Do You Remember the First Book You Bought?

By Caroline

Nuvat the Brave

I still remember that day as if it had been yesterday. I was nine years old and already an avid reader. I had a little bit of money, pocket money I hadn’t spent on comics and some of the sour gums I liked to eat. It was strange to go to school on a Saturday afternoon. Usually that’s when school was off, but it was a special day, a special occasion, and I was keen on spending what little money I had saved.  I still see the entrance of the school, smell the linoleum floor, and heavy chalky air. No other school ever smelled as chalky as this. The display tables took up all the space of the entrance hall and my heart began to beat incredibly fast as soon as I was close to them. I wouldn’t be able to buy a lot. I had to choose carefully and wisely. It wouldn’t be enough money to buy more than one or two books.

The used book sale was a charity event. Children had brought the books they didn’t want anymore, and the school library had contributed those, which were not circulated any longer. There wasn’t a lot I loved more than books, not even at the age of nine. My mother always bought me the latest children’s books and the old classics. Whenever she heard that someone sold the books of their older children, she bought those too. That was wonderful and I loved it, still nothing could compare to that day and the used book sale in my elementary school because that day I bought my very first book.

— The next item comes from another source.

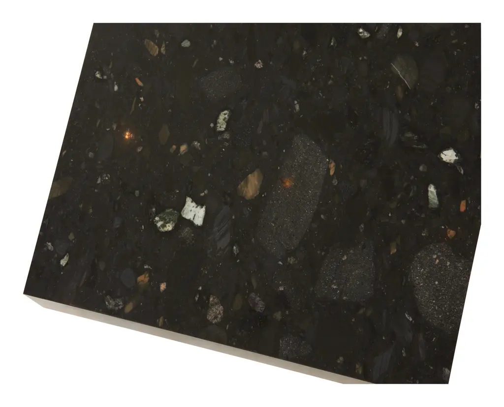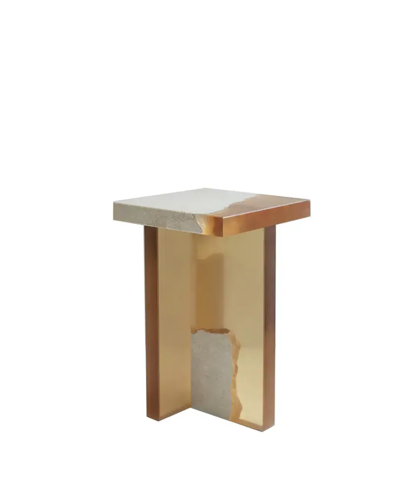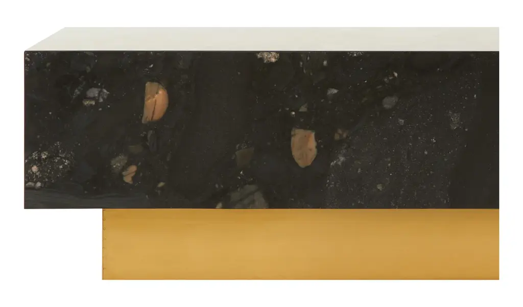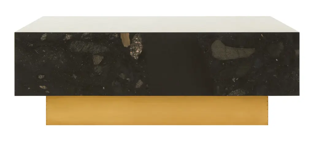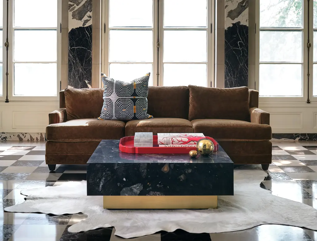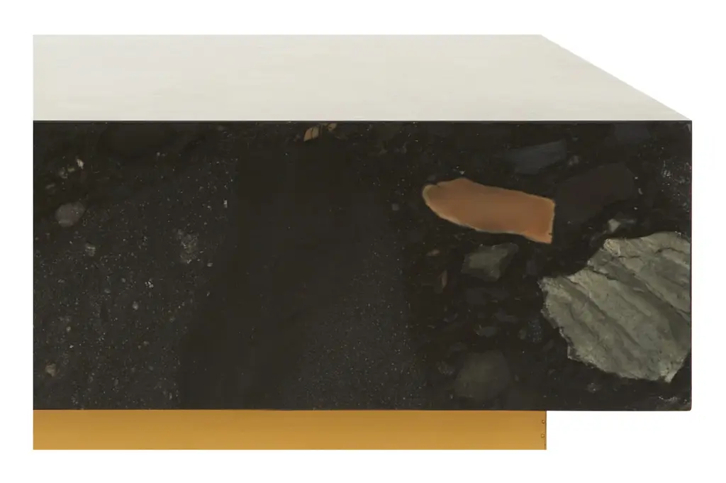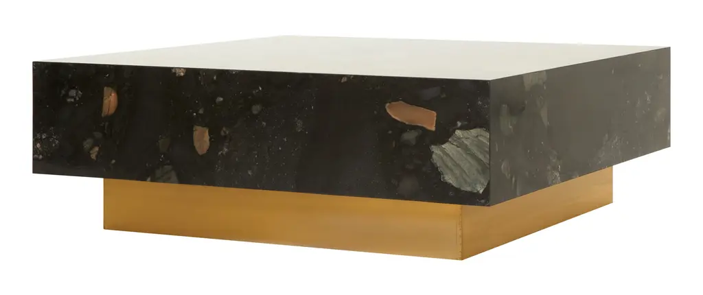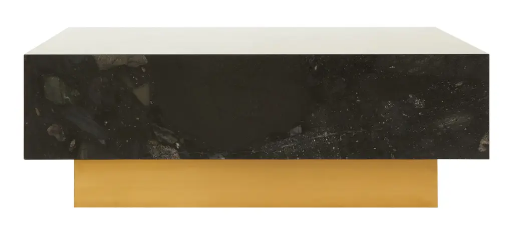 Anchor your seating area with our eye-catching Phoenix Coffee Table. Simple yet striking in design, this piece features a blocky, rectangular tabletop crafted from black marble with splashes of unique brown and cream veining. This tabletop rests on a recessed plinth base that’s clad in brass foil sheets held in place with tiny tack details for a bit of shine. The epitome of cool, we especially love our statement-making Phoenix in a moody modern living room. •black marble •brown and cream veining •fibreboard base•brass foil finish•tack details •each is unique; variations in marble color and veining should be expected Dimensions•40.25"W x 40.25"D x 14.25"H
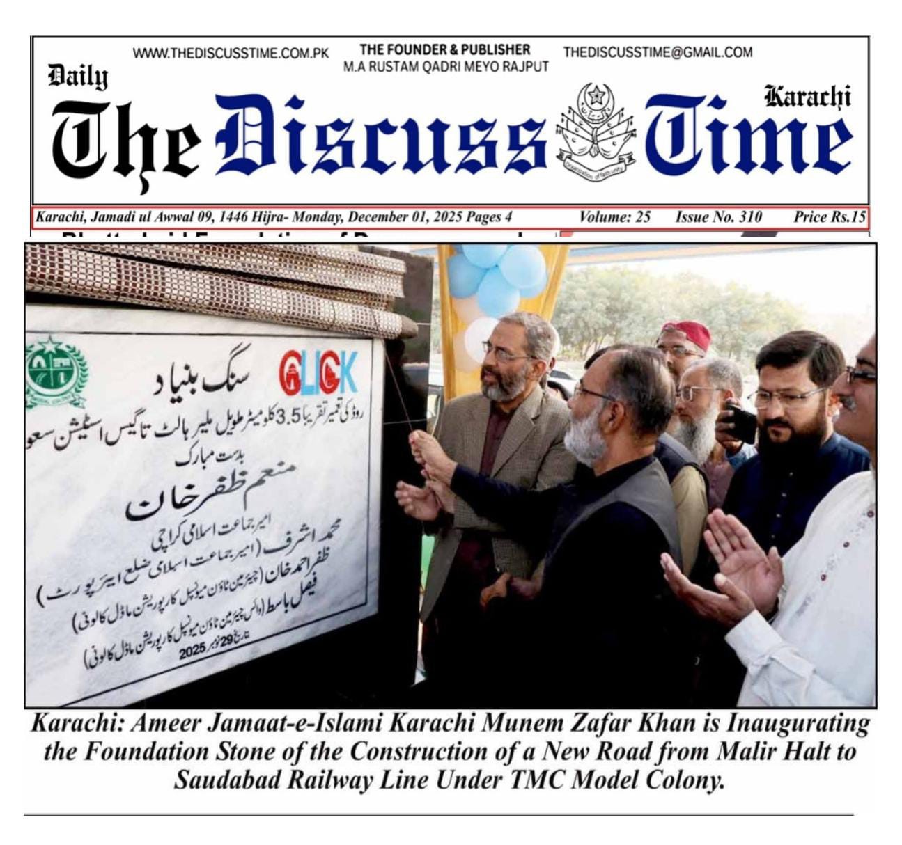 امیرجماعت اسلامی کراچی منعم ظفرخان ٹاؤن میونسپل کارپوریشن ماڈل کالونی کے تحت ملیر ہالٹ تا سعودآباد ریلوے لائن کے ساتھ طویل سڑک کی تعمیر کا سنگ ِبنیاد رکھ رہےہیں اور میڈیا سے گفتگو کررہےہیں۔

I still have it somewhere in the attic. It’s torn, the spine is broken, the pages are loose, but the linen cover is still intensely blue and the little Inuit boy in his canoe is still standing upright on the front cover promising a tale of adventure and a world I didn’t know, a world long gone by now. The title was simple, embossed in bold, black letters: “Nuvat the Brave“ by Radko Doone —or rather “Nuvats grosse Fahrt“ in its German translation. It was one of the books the library discarded, an old book that no child had ever checked out.

The book wasn’t only the first book I bought, it opened a door to something, which I have been passionate about ever since – foreign cultures, the promise of strange and haunting tales, other life styles and mysterious rites and habits. A whole wide, wondrous world for me to discover.

Which was the first book you bought?